In their illuminating recent article (Is the rostro-caudal axis of the frontal lobe hierarchical? Nature Rev. Neurosci. 10, 659–669 (2009))1, Badre and D'Esposito generalize to the frontal lobes as a whole a point we recently made about the medial frontal cortex2: that the functional architecture suggests a continuous rostro-caudal gradient reflecting the conditional complexity of the associated behaviour. Reviewing a broad swathe of behavioural and neurophysiological studies, they argue — convincingly, in our view — that a wealth of data now supports this new conceptual framework for frontal lobe function. However, there are some important consequences of such a perspective that might not be apparent at first glance and that merit some further consideration.

First, if the gradient model is correct, traditional discrete models of frontal lobe functions being compartmentalized to highly demarcated zones cannot be. Not only do the empirical data support the former, they also strongly undermine the latter. The frontal lobes can have only one functional architecture. As most models of frontal lobe function — indeed of brain function generally — are constructed on the basis of more or less discrete functional units, if gradient models are correct then a re-evaluation of such models in cognitive neuroscience is required. To confirm or disprove such a perspective is therefore a task of the highest priority.

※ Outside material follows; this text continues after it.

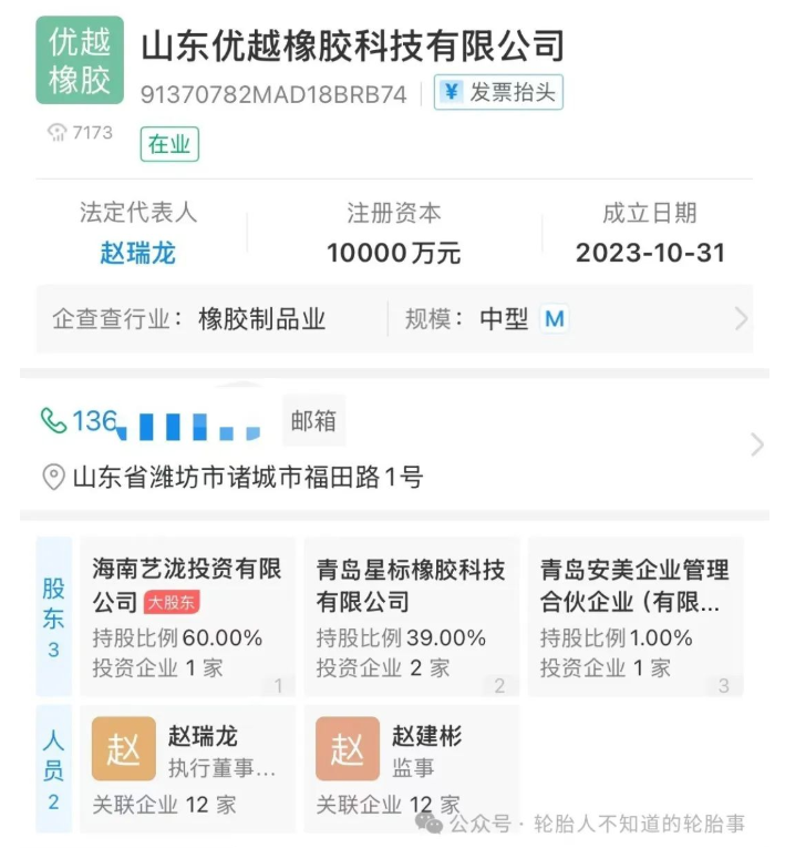 公司主要人員為趙瑞龍、趙建彬,據(jù)了解,趙建彬與趙瑞龍為父子關系,這一家族控股的模式在業(yè)內(nèi)較為常見。值得注意的是,趙建彬不僅是山東優(yōu)越的主要人員,同時也是山東優(yōu)盛輪胎有限公司(以下簡稱“優(yōu)盛輪胎”)的董事長和實控人,持股比例為80%。優(yōu)盛輪胎同樣位于濰坊,這表明山東優(yōu)越與優(yōu)盛輪胎之間可能存在著緊密的業(yè)務聯(lián)系或協(xié)同效應。

Second, current methodological tools are peculiarly ill-suited to the study of gradient models and to distinguishing between discrete and continuous functional architectures in the brain. This is partly so because sampling is either microscopic (for example, single-cell recordings) or macroscopic (for example, functional imaging and lesion studies). The intermediate, 'mesoscopic', scale at which a gradient organization is likely to be embedded therefore falls within a methodological blind spot. Furthermore, as noise is typically continuous, it is always technically easier to find support for a discrete model than for a continuous one, whatever the underlying reality. The task is thus not only important but extremely difficult.

Third, if the gradient is indeed rostro-caudal, what are the functional differences between regions that lie on the same point on that gradient, but on lateral versus medial frontal surfaces? One way to answer this question is to sample at a small scale (for example, by making single-unit recordings) but to cover large areas of cortex, probing activity on the same behavioural task in awake, behaving primates. Unfortunately, this has very rarely been performed — for understandable reasons. However, one exception is the elegant series of studies performed by Hoshi and Tanji on both lateral and medial frontal regions3,4. Although the results of these studies are separated in different papers, a review of the results demonstrates some differences but also many strong similarities between the pre-supplementary motor area, the supplementary motor area and the lateral premotor cortex. Thus, medial and lateral frontal areas may not be as discrete as is sometimes envisaged.

Finally, many well-established conceptual devices cease to have any meaning within a gradient model framework. Although one can have a continuous hierarchy — or at least a hierarchy that is discretized at a mesoscopic scale — it no longer makes any sense, for example, to speak of the binary labels of supervisor and supervised5. If the gradient perspective is right, the very language of cognitive neuroscience may have to change.